Nei luoghi della solitudine e della miseria irrompe la toccante e necessaria Misericordia della Dante

Il titolo dell’ultimo progetto drammaturgico di Emma Dante – Misericordia appunto – più che fissare l’argomento della messinscena sembra essere una richiesta, meglio ancora un’invocazione o un’accorata raccomandazione rivolta al pubblico: Misericordia, abbiate Misericordia verso l’altrui infelicità, anche quando vi sembra attraversata da troppa rabbia e troppo rancore, che sia una misericordia laica o religiosa, non importa, ma che sia Misericordia perché – come ammonisce una sentenza di Publilio Sirio – misereri scire sine periclo est vivere (saper essere misericordiosi significa vivere senza paura).

Emma Dante, con Misericordia, recupera la sua cifra stilistica identitaria, quella che l’ha resa celebre per lavori d’ineguagliabile intensità drammatica come mPalermu, Vita Mia, o Mischelle di Sant’Oliva, lavori caratterizzati da una gestualità attoriale ossessiva e compulsiva, da un ritmo incalzante e sfrenato e da una dimensione allucinata e stravolta in grado di trasfigurare gli stessi interpreti in creature animalesche, libere e imprevedibili, come fossero grumi di carne e sangue, palpitanti di istinti e vibranti d’emozioni.

Il dramma che fa da cardine alla messinscena attinge l’esistenza di quattro creature fragilissime e marginali che conducono una vita difficile e precaria, creature che conoscono la violenza e la privazione ma che – a loro modo – conoscono anche l’amore, quello vero, un amore logorato e consumato dalla miseria, dagli stenti, dal senso d’impotenza e dalla solitudine.

Anna, Nuzza e Bettina, interpretate dalle bravissime Italia Carroccio, Manuela Lo Sicco e Leonarda Saffi, sono tre donne che di giorno confezionano sciallette e di notte si vendono ai passanti ma sono soprattutto tre madri, non madri di sangue – ché si sa il sangue non rende necessariamente genitori – ma madri nel senso più autentico del termine perché, alla morte di Lucia, vittima della violenza maschile dell’uomo di cui portava in grembo il figlio, si sono fatte carico di tirar su il piccolo Arturo, con l’amore e l’abnegazione di una madre nonostante Arturo – interpretato da un eccezionale Simone Zambelli – sia un bambino ipercinetico e problematico, difficile da gestire e impossibile da contenere.

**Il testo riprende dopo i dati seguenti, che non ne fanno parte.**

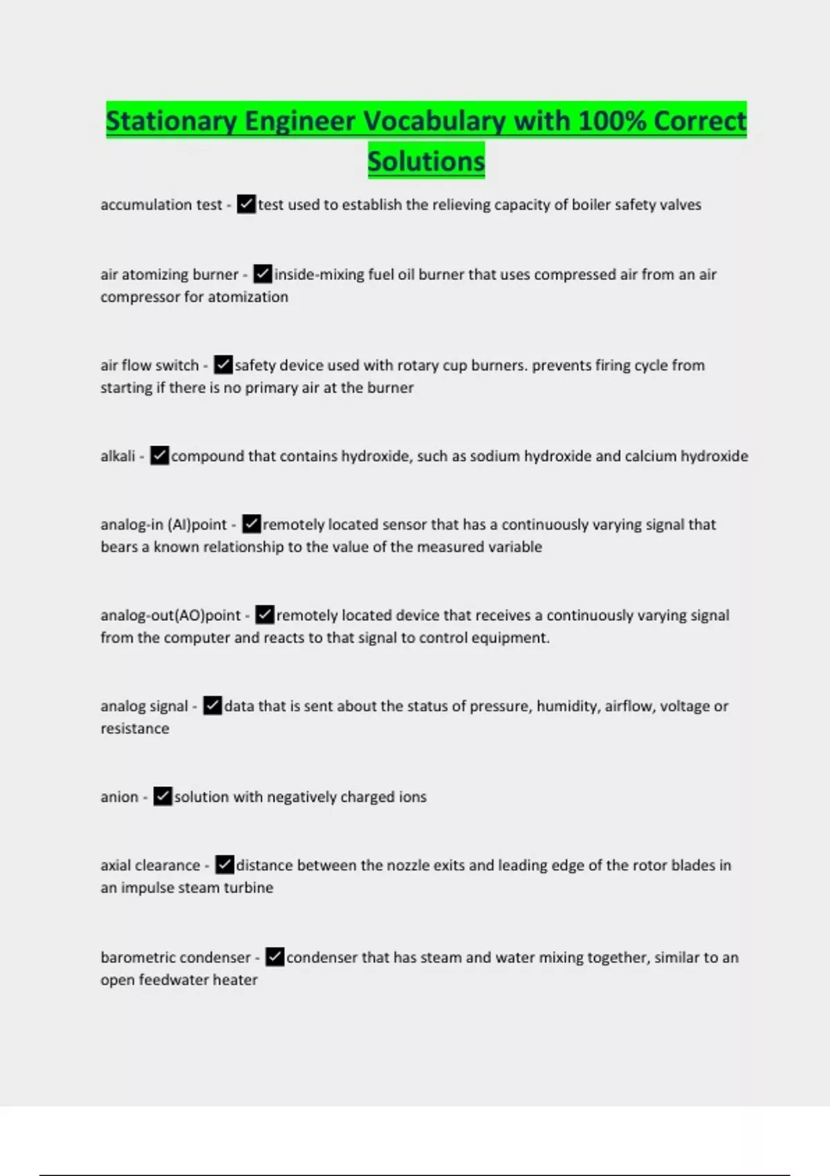Stationary Engineer Vocabulary with 100% Correct Solutions
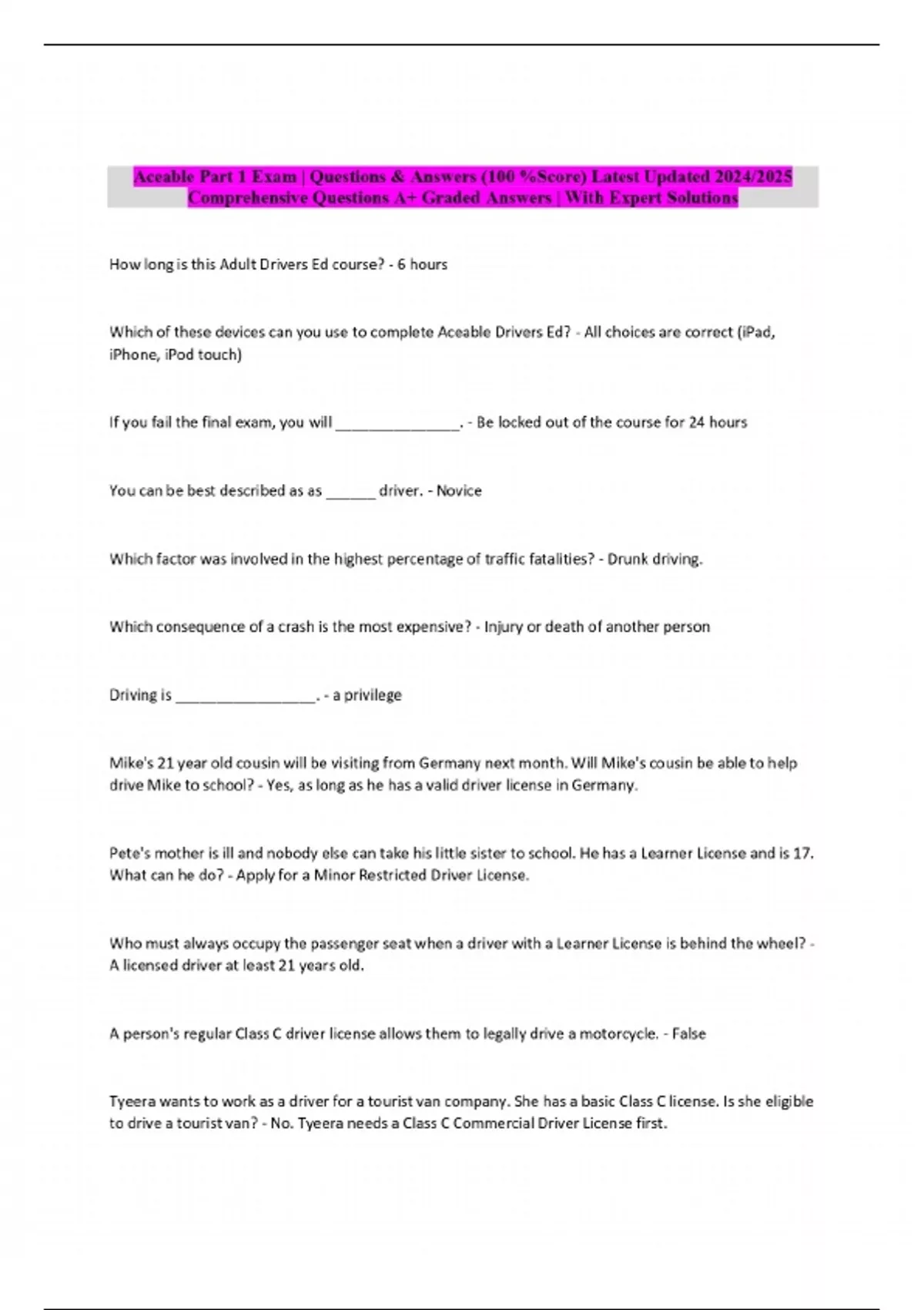 Aceable Part 1 Exam | Questions & Answers
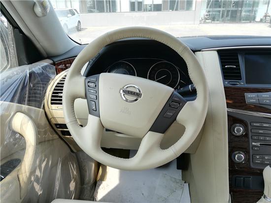 2、日产途乐Y62中东4.0采用了豪华轿车惯用的四幅风向盘设计,粗细比较合手再加上真皮加实木的用料,手握感觉极佳。
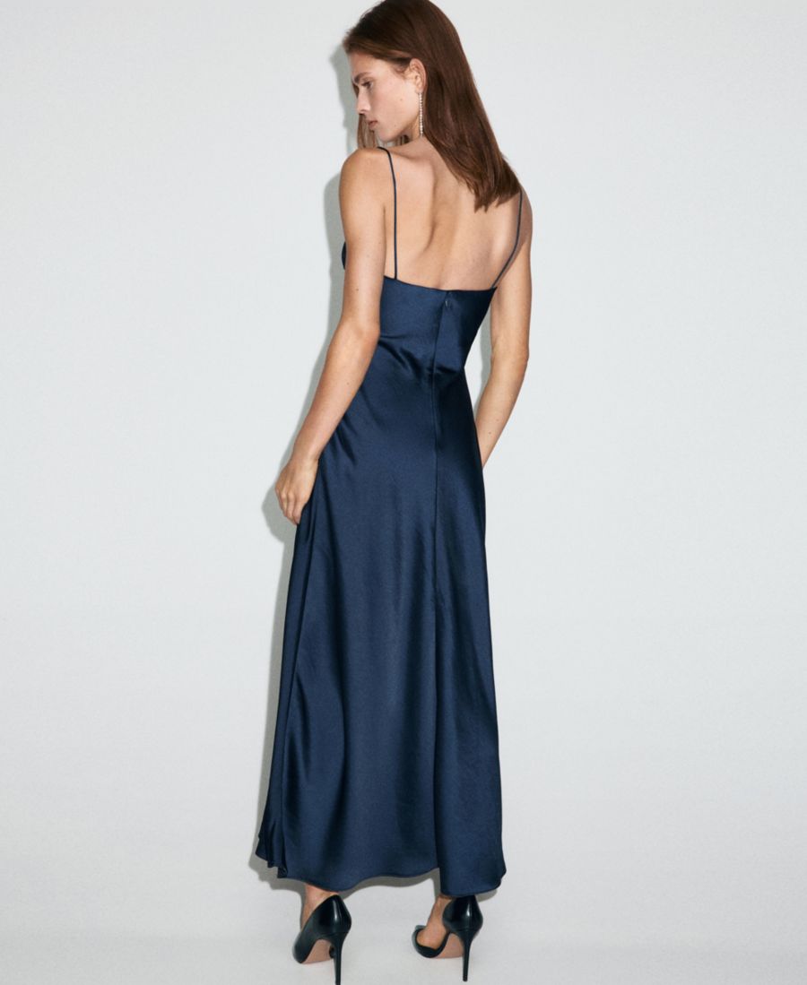 Подчеркните вечернюю элегантность с помощью атласного платья с V-образным вырезом от Mango. Изготовленное из атласной ткани, оно имеет длинный прямой крой с тонкими бретелями, без рукавов и присборенную грудь.
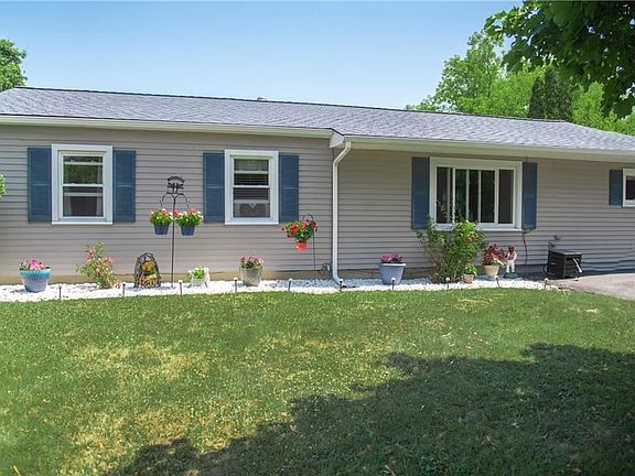 Well maintained ranch nestled in a quiet neighborhood, close to all amenities Canandaigua has to offer. This 3 bedroom open layout ranch has many updates including the stove, roof, hot water heater, new double hung vinyl windows through out and new master bedroom carpeting. Enjoy the back screened patio leading into the back yard lined with trees. A detached 2 car garage makes a perfect location for extra storage! Delayed negotiations to take place Wednesday at 6pm.
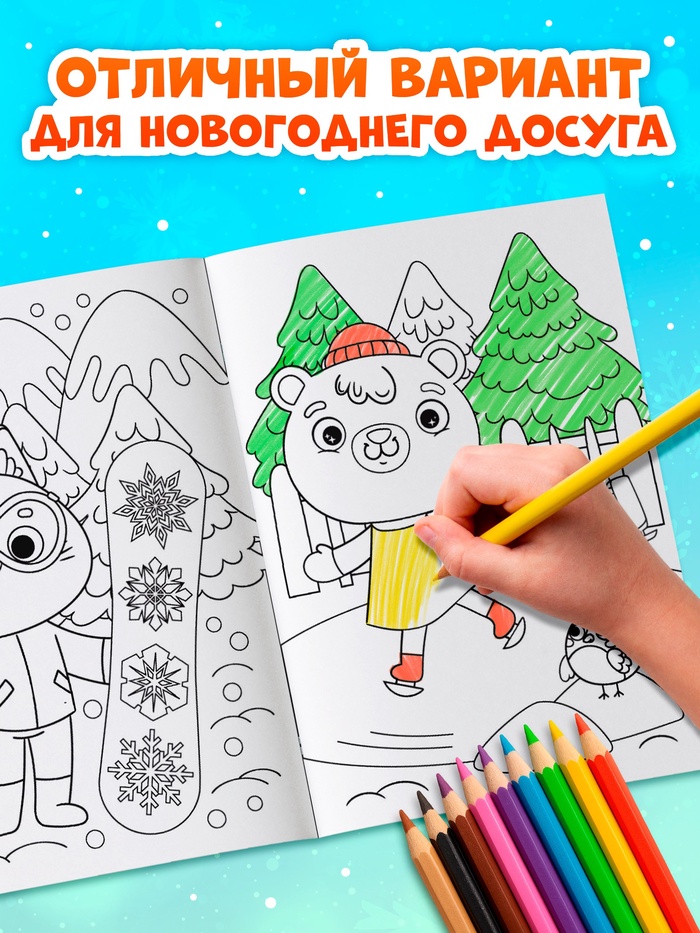 Комплект раскрасок словно открытка, которая приглашает ребёнка в мир новогодних историй. Каждая страница — это чистый холст, где маленький художник может воплотить свои идеи. Раскрашивание становится чем-то большим, чем просто увлечение: это возможность создать свой собственный праздник, добавляя красок в зимние сюжеты. Процесс похож на создание новогодней открытки, только вместо готового образца — свобода фантазии.
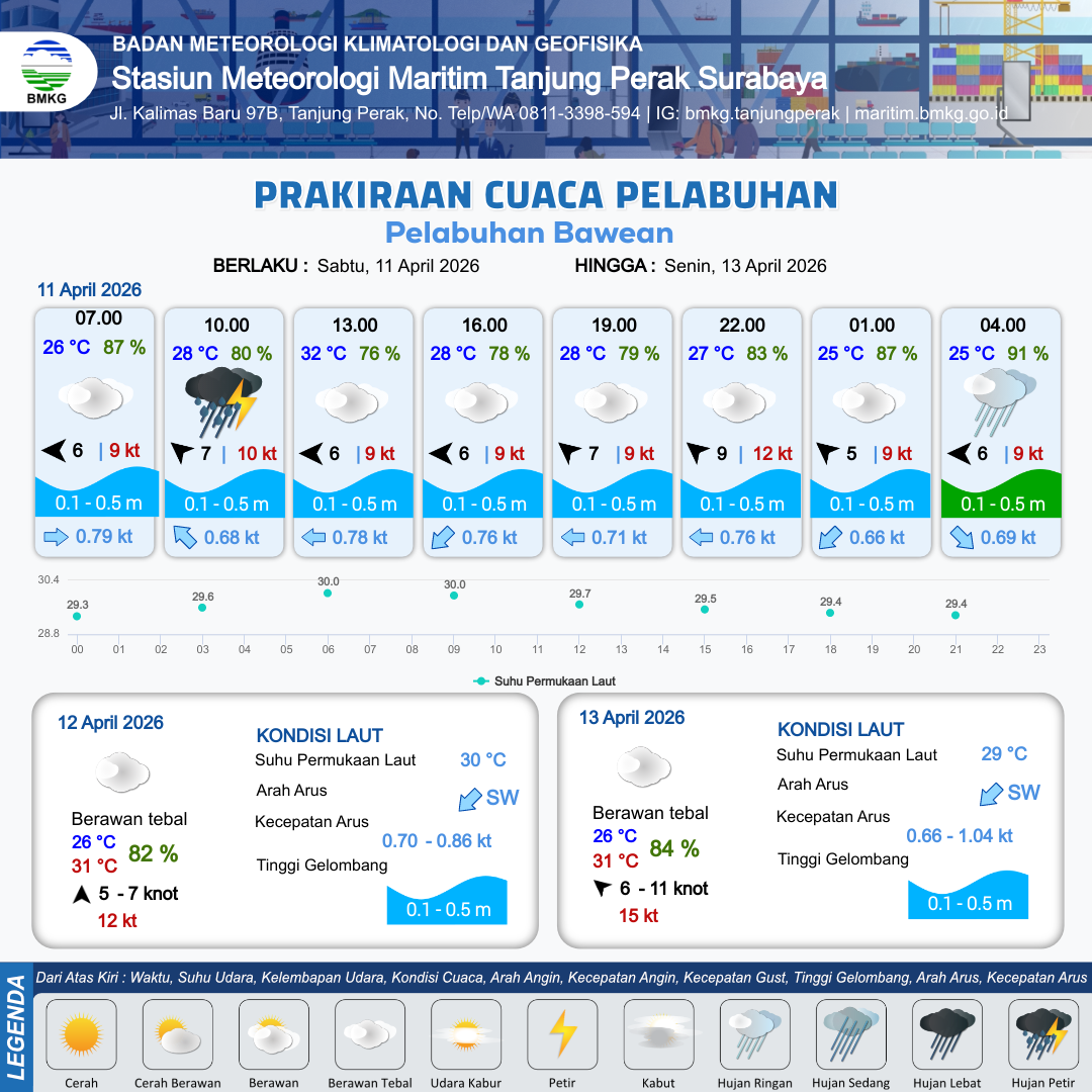 11 Apr 26, 23.00 7 jam kedepan | Selatan 7 kt Gust Peningkatan kecepatan angin yang singkat dan tiba-tiba : 10 kt | 0.5 m Rendah | Timur 0.7 Knot | 10 km | 26 °C | 89 % | +0.55 m |
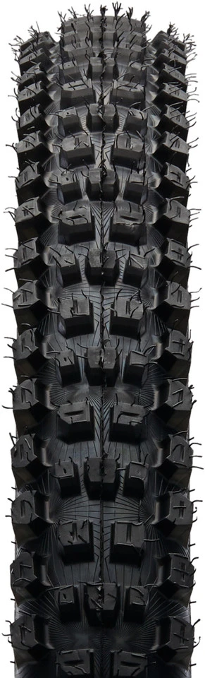 Die Downhill-Karkasse besteht aus sechs Lagen Karkassenmaterial unter der Lauffläche und vier Lagen an den Seiten, die Apex-Einlage über dem Wulst verringert das Risiko von Durchschlägen. Ein kreuzgewebtes Nesselband über dem Reifenfuß schützt zusätzlich Reifen und den Felgenbereich.
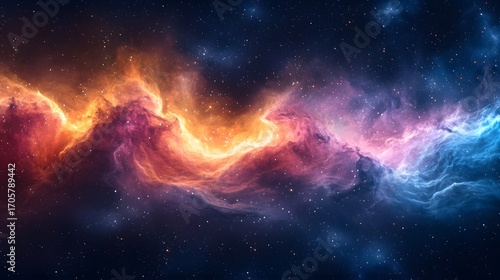 Fototapeta premium Vibrant cosmic nebula with colorful gas clouds and scattered stars in deep space
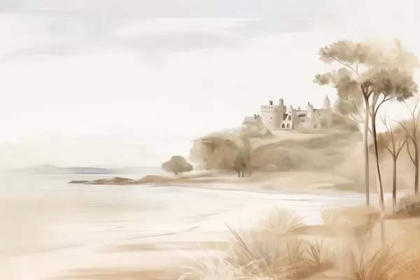 Τοιχογραφίες Τοπίο με ένα κάστρο σε ένα λόφο κοντά στη θάλασσα, μια αμμώδη παραλία στο προσκήνιο, απαλά χρώματα, τέχνη με υφή Nr. w09540
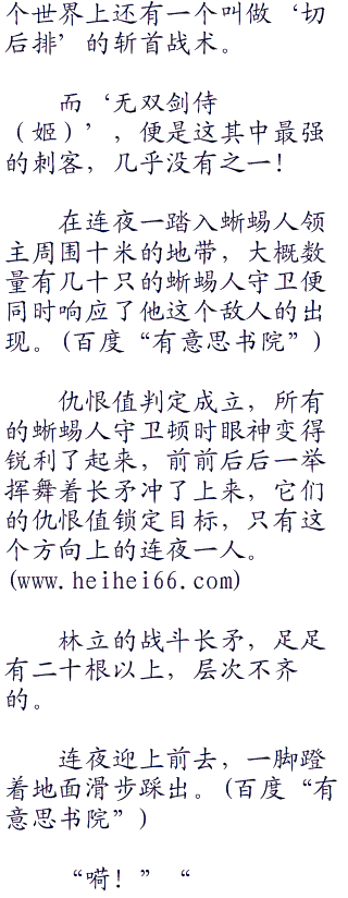 ‘无双剑侍(姬)’具有‘决斗达人’的被动能力,在交战的时候可以源源不断的恢复体力,好比某些神明具有的特性是站在大地上可以源源不断的获得体力一样。
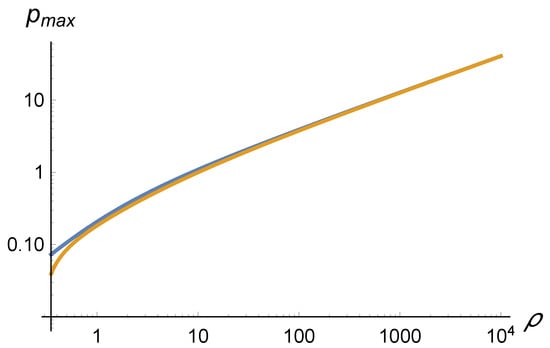 If one supplements Equation (10) by the “equation of state”, which connects the maximal pressure with the density, then it is possible to determine the pressure and density. For instance, the “equation of state” corresponding to a degenerate relativistic fermion gas
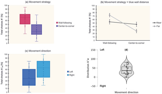 Results. Total choices [%] toward the correct corner position A+ in relation to the use of movement strategy (a), movement strategy depending on blue wall distance (b), and direction, at the population level (c) and at the individual level (d). The dotted line indicates the chance level (50%).
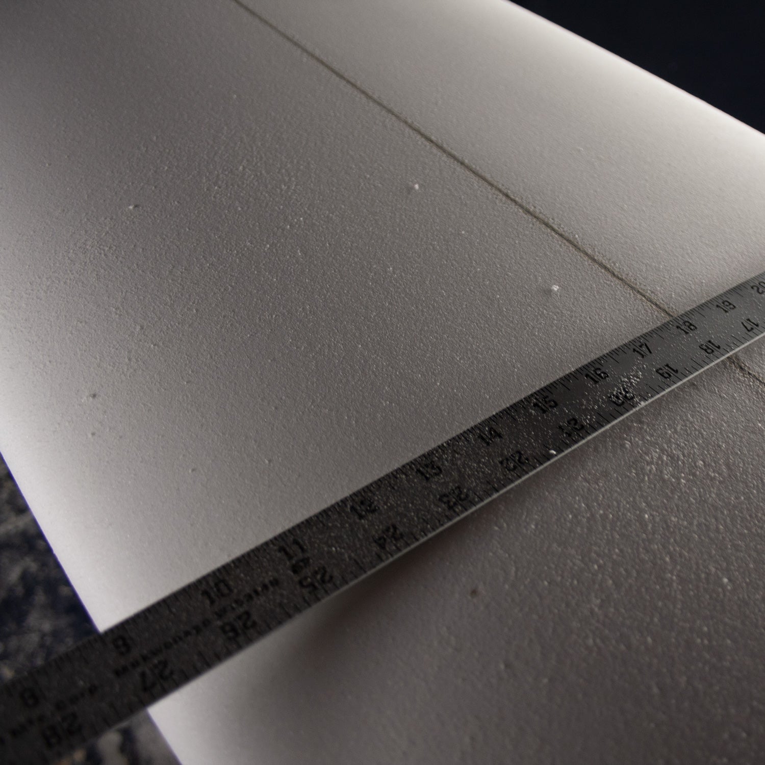 To find the wide point on a surfboard simply take a ruler or measuring tape and stretch it across the deck, slide the ruler down perpendicular to the stringer until you find the area of the board that has the greatest width across.
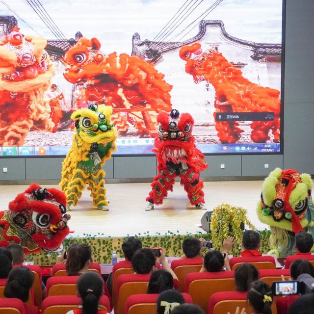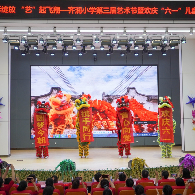 廷猛龙狮运动协会参演的节目《中华龙狮》,全场气氛高涨、节奏欢快,通过互动式的展演形式让中华优秀传统文化浸润式呈现,展现了以爱国主义为核心的,团结统一、爱好和平、勤劳勇敢、自强不息的民族精神。通过自然有趣的展现形式,将“欢庆六一,童心向党,携手同行,圆梦今朝”的寄语送给齐润小学全体小朋友,并向其致以节日问候,引导两校学子在演中悟,在看中学,红心向党,携手筑梦。
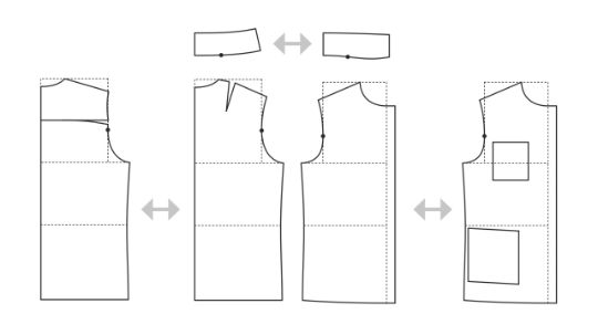 На конструкцию куртки могут быть вызваны модули английского воротника, капюшона и других элементов. На конструкцию брюк можно вызвать модуль верхней части комбинезона.
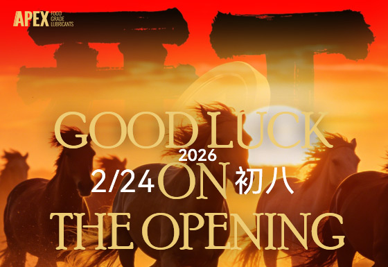 2026年是农历丙午马年,象征着奋进与超越。在新一年的战略布局中,APEX将继续依托强大的技术专家团队,深耕食品工业、和绿色战略性新兴产业,以“一马当先”的创新精神,应对行业中的各种挑战。为客户提供更安全、更高效的润滑解决方案。”
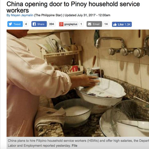 7月31日,“菲律宾星报”网站报道称,菲律宾劳动就业部7月30日发布一份报告称,中国打算聘请菲律宾家政服务人员前往中国5个大城市就业,并承诺给予这些菲佣这10万比索月薪(约合人民币1.3万)的月薪。

In tempi come quelli che stiamo vivendo, in cui le posizioni espresse dalla politica, almeno dagli esponenti dell’attuale maggioranza, sembrerebbero orientate a non riconoscere altra maternità che quella di sangue e altra famiglia che quella tradizionale, tempi in cui, tra l’altro, i casi di violenza contro le donne si intrecciano con le attuali contingenze storiche, contingenze in cui le donne, e le famiglie più in generale, vivono situazioni di criticità economica e materiale sempre più gravi e dolorose, Misericordia di Emma Dante ci comunica in maniera vivida e bruciante la condivisibile urgenza di un approccio più comprensivo e compassionevole verso il prossimo, più empatico e autentico, l’approccio di chi riconosce l’altrui umanità in nulla differente dalla propria secondo la lezione terenziana: Homo sum, humani nihil a me alienum puto (Sono un essere umano, niente di ciò ch’è umano ritengo estraneo a me).